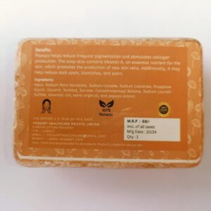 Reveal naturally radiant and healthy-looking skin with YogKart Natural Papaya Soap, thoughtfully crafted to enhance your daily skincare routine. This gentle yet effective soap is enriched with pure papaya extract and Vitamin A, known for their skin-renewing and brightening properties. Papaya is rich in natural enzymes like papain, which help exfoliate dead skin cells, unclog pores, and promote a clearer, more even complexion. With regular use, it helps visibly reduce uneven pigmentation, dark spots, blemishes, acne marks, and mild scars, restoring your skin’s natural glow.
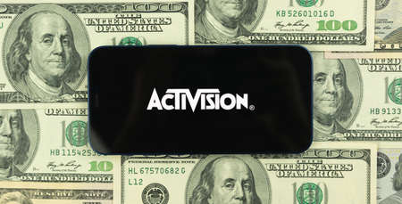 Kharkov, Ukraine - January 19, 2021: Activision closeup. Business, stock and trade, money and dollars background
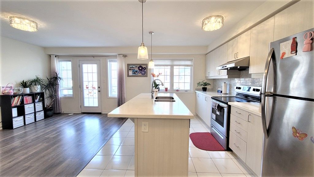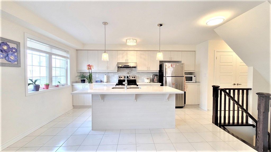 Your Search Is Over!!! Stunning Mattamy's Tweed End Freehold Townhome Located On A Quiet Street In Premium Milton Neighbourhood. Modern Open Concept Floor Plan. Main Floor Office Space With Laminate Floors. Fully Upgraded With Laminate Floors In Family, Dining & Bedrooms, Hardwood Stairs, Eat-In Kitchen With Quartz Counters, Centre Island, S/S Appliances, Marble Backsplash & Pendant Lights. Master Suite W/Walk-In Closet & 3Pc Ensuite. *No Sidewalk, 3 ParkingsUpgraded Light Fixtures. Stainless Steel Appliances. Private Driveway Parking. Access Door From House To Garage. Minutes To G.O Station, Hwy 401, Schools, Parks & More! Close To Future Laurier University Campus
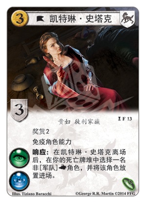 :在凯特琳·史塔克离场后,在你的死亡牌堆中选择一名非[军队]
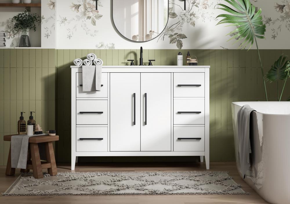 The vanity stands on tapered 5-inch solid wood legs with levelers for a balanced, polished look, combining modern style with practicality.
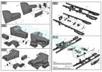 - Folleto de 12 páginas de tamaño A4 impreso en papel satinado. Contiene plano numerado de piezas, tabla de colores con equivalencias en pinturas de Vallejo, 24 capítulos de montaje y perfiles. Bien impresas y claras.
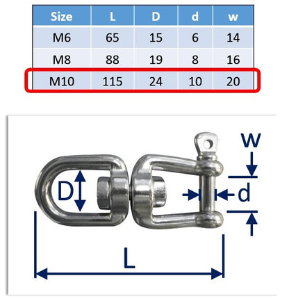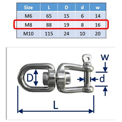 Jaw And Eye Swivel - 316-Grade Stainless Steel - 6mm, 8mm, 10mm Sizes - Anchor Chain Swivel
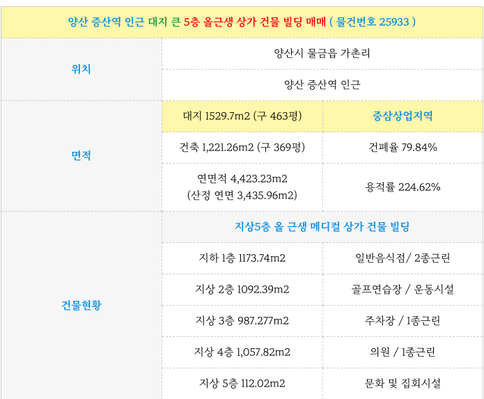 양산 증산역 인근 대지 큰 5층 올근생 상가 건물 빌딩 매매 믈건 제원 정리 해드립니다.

--

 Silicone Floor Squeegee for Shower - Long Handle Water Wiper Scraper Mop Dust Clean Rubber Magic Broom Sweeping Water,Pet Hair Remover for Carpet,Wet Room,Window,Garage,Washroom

INSTRUCTIONS TO FOLLOW:
The reply should hold the entries above from the line with "The vanity stands" to the line with "양산 증산역 인근 대지", duplicated exactly, pictures excluded.

EXERCISE OUTPUT:
 The vanity stands on tapered 5-inch solid wood legs with levelers for a balanced, polished look, combining modern style with practicality.
 - Folleto de 12 páginas de tamaño A4 impreso en papel satinado. Contiene plano numerado de piezas, tabla de colores con equivalencias en pinturas de Vallejo, 24 capítulos de montaje y perfiles. Bien impresas y claras.
 Jaw And Eye Swivel - 316-Grade Stainless Steel - 6mm, 8mm, 10mm Sizes - Anchor Chain Swivel
 양산 증산역 인근 대지 큰 5층 올근생 상가 건물 빌딩 매매 믈건 제원 정리 해드립니다.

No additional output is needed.